Chairs and tables are strewn about in an otherwise empty Mexican strip club.
Props for a production of “High School Musical” have fallen over.
These are the details. As for the rest of the story, it’s up to you.
It’s all a big mystery taking place in the bellies of vintage TV lamps, reconfigured by Todd VonBastiaans, owner of Atomic Todd and lover of all things kitsch.
The lamps, on display at Trifecta Gallery, double as dioramas and play on the subdued hysteria that came with the advent of television.
As VonBastiaans explains it, viewers new to television in the 1950s were concerned about radiation. To quell their fears, decorative ceramic lamps were given or sold to customers so they wouldn’t be watching in complete darkness.

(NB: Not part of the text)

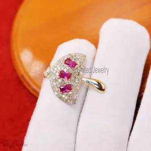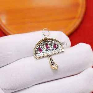 14K Gold Diamond Mushroom Pendant, Handmade Magic Diamond Mushroom Pendant, Mushroom 14k Pendant Necklace, Gemstone Mushroom Pendant

Over the past few months VonBastiaans collected the lamps through eBay, removed the main bulbs from the alcoves in back and, similar to a ship-in-a-bottle project, reconstructed scenes and environments using miniatures from Germany. LED lights are used to carry the narrative.
“These lamps were supposed to protect your eyes, and I’m putting something in them that you probably shouldn’t see,” he says. “Also, there is definitely that reference of pulp fiction, which was big when these lamps came out.”
But the work is not just a collection of dioramas for dioramas’ sake.
The miniature Luxor hotel room, also part of the exhibit, is a mess. In another piece, the bondage basement is askew.
“Something has happened, and you’re the first one to walk in,” VonBastiaans says.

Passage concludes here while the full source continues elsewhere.